In physics lectures, when trying to explain how magnetism works, it’s sometimes illustrated using rubber bands. This might help in understanding the very basics, but it is extremely harmful to a deeper understanding of the phenomenon. Depreciation and amortization (D&A) present a similar challenge among investors when they are taught too much through the lens of wear and tear on physical assets. D&A has nothing to do with maintenance or replacement investments, or wear and tear.
Let’s approach this from a bit further away. What is the difference between a cost and an investment? The time horizon. Investments are costs that are expected to generate results in future fiscal years, which is why, from an income statement perspective, it is appropriate to try to smooth these costs over a longer period. The net result specifically should carry the weight of history with it to provide a sufficiently universal figure for evaluating any company’s general profitability, regardless of the year under review. Cash flow is not suitable for this purpose because it can fluctuate very wildly from one fiscal year to the next.

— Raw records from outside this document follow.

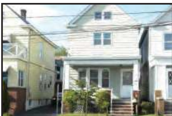
PERTH AMBOY - Great looking colonial, 3 bdrm close to hospital, eik and formal dining room, large living room. Ready for a big family. House is being sold in "as is" condition. $169,900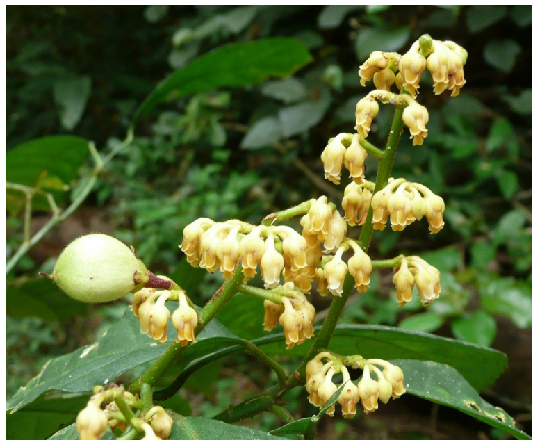
Fig. 4. Rinorea longicuspis showing zygomorphic flowers with longest (anterior) petal ending straight and flat. — Photographed by Carel Jongkind in Liberia from Jongkind & al. 9192.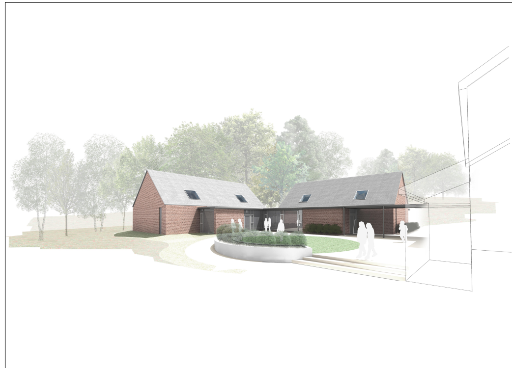
Proposed Classroom Extension and Landscaped Courtyard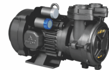
MASTERBLASTER - 50/100 SUPREME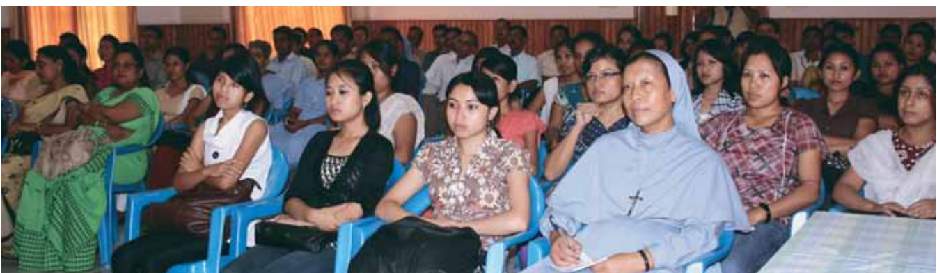
23 August 2011 saw the launch of two new post-graduate programmes: Masters in Social Work (MSW) and Masters in Technology (M Tech). More significantly, 22 doctoral students (Ph D) started research in 8 disciplines on the same day.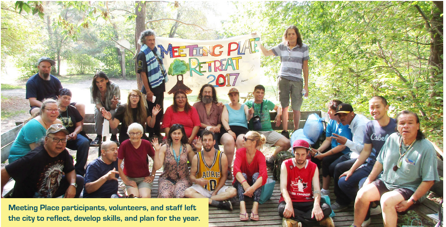
Meeting Place participants, volunteers, and staff left the city to reflect, develop skills, and plan for the year.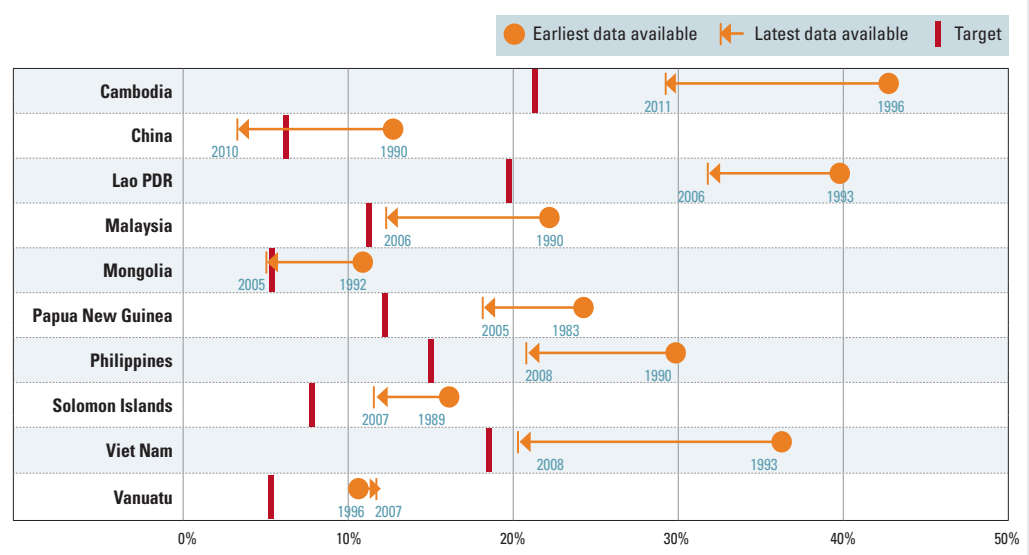
Figure 1. Prevalence of underweight children under 5 years of age (%) in LMICs in the Western Pacific Region, 1983 –2011.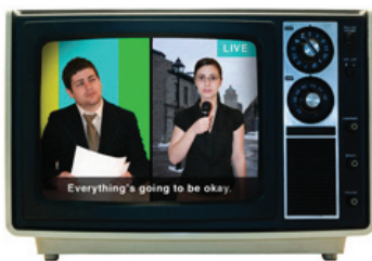
HOLD HANDS: COLLECTIVE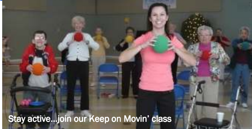
Stay active...join our Keep on Movin' class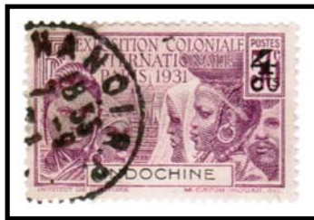
HANOI R.P. TONKIN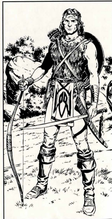
from "Dragons of Mystery"

Later, when the Companions made their way to Xak Tsaroth, Riverwind realized that the ruined city was the place from where he had retrieved the Staff. After his adventures with the Companions, he has seen the magnitude of the destruction wrought by the Draconians. Riverwind's aim in life is now the protection of Goldmoon and the destruction of the Draconians.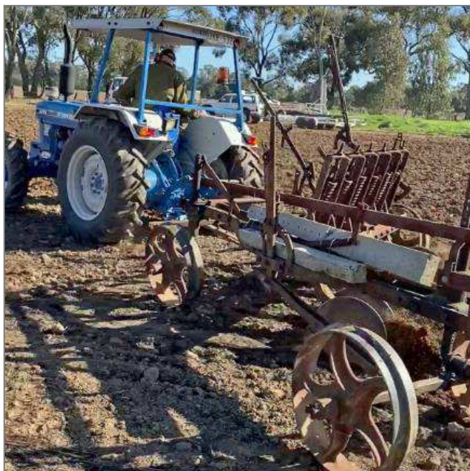
Starting the Field Marshall

After a couple of months of anticipation the date was set for the members of the Club to tackle the ploughing of 25 acres on the outskirts of Bendigo. Two weeks ago the Ploughing Committee moved the ploughs back from Kamarooka. Then we moved some equipment on site on the Friday and then Saturday morning at 8:00am we were ready to make a start. Our job was to prepare it for planting of Lucerne later in the year.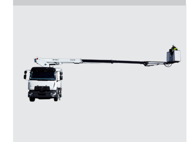
Turret/knuckle tail swing and outriggers within the mirrors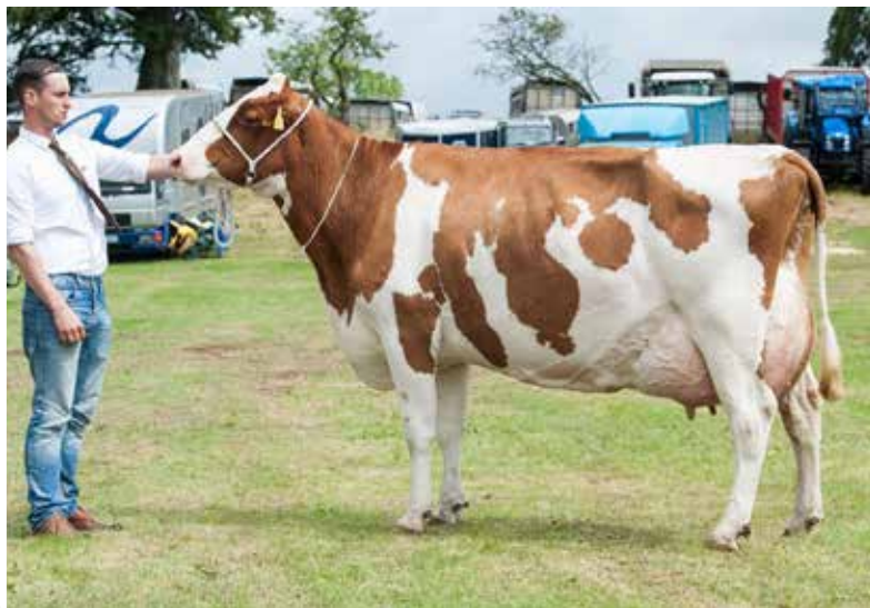
WEST MOSSGIEL MISS MODERN 28 EX91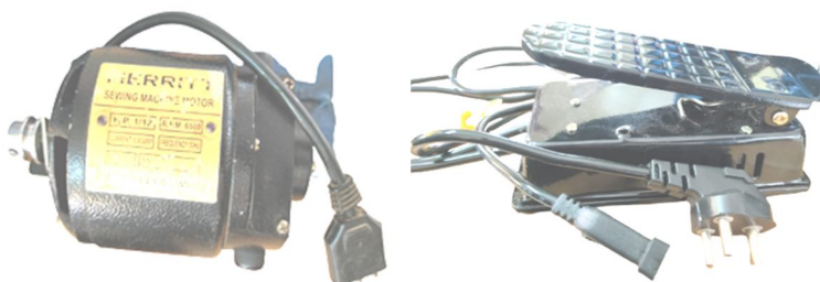
Fig. 2 Electrical motor and controller

The electrical motor was utilized as sewing machine motor for strip the waste cable with high torque. The motor is suitably controlled according to the required speed by foot step controller.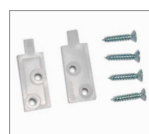
Guide (113/81X) for 81X channel, 2 per door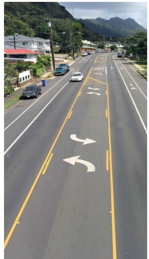
Road Diet project in Honolulu, Hawaii.

A Road Diet can be a low-cost safety solution when planned in conjunction with a simple pavement overlay, and the reconfiguration can be accomplished at no additional cost. Typically, a Road Diet is implemented on a roadway with a current and future average daily traffic of 25,000 or less.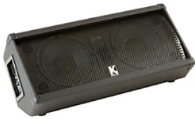
Kustom PA KPX210A 100W Dual 10" Powered Monitor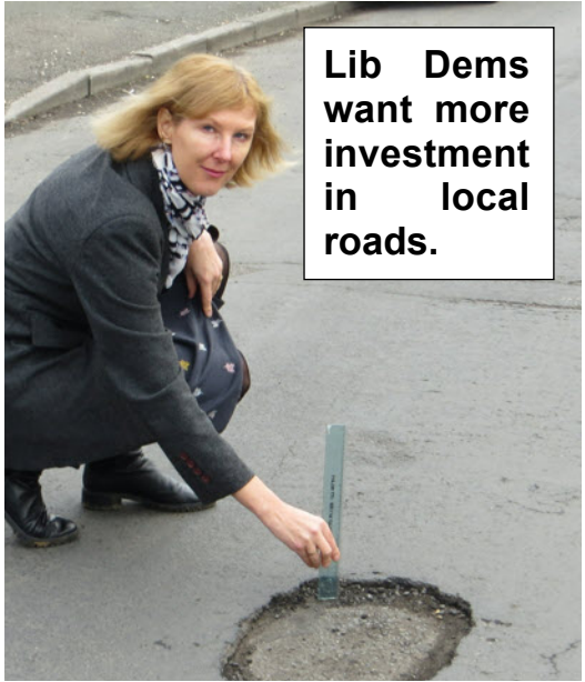
Lib Dems want more investment in local roads.

The Council paid out a total of £459,552 in compensation in respect of 265 successful claims.

The key is that time horizon. For example, the salary costs used for programming in a small Finnish software firm as development expenses are an investment that can, under certain conditions, be capitalized on the balance sheet. After this, these previously cash-paid, otherwise quite ordinary salaries, will start to run as amortization in the coming years. It doesn’t matter if the same kind of development work needs to be done again in five years, or if the code is in use for a hundred years, or if the code has maintenance costs. What matters is the accrual of expenses and income so that the link between them is at least somewhat maintained in the income statement.
Now we get back to Duell. An acquisition is fundamentally an investment in the future income stream of the target, so it must be treated just like any other investment. The challenge arises because an increasing part of companies’ earnings power is directed toward intangible assets, and we lack auditing methods to smartly evaluate the value of intangible assets. How do you value good management, excellent customer relationships, exceptional pricing power, a world-class brand, and everything else valuable and intangible that comes with an acquisition on the balance sheet? This is where shortcuts are taken, assuming management pays the market price for all these vague, hard-to-value intangibles, which can simply be assumed to be the difference between the purchase price and the acquired assets. Unless some concrete justification is found for this goodwill to anchor it to the balance sheet, amortization must begin, and since the income is spread over several future years, the amortization must also be done over several future years.
So, we finally get to the essential question. If you want to adjust the result in this regard and make it logically inconsistent with the rest of the income statement, what are your justifications? There are, of course, good reasons, but if the negative weight of these past “investment sins” in the result bothers you, then the net result is entirely the wrong figure for you to use, because that’s kind of the point of that figure ![]()
I don’t want to defend the income statement and the auditors, as I certainly have plenty of criticism and development ideas, and it feels like those pencil-pushers nowadays are just messing up our work as investors—but if you really want a cash flow figure, then by all means, look at the cash flow instead of the net result.
In a normal year, Tran-Am has an op. profit of less than 1.5 million pounds, and in a bad year, closer to 1 million pounds. If one assumes the following years will be weaker and that indebtedness and the cost of equity will grow as a result of the acquisition, it becomes quite difficult to create value for investors.
The same thing happened last year with PowerFactory, which might look like a good deal based on peak year figures, but if you use the lower figures of more normal years, a different picture emerges.
Yeah, yeah, you can protest with synergy benefits and that the acquisition target has undergone a transformation in recent years, etc.
It can’t really be proven either way, but the acquisitions have hit the peak demand years quite “nicely,” and now that a recession and cuts are ahead, Duell no longer has the firepower to buy at the genuinely cheaper multiples of weaker demand years.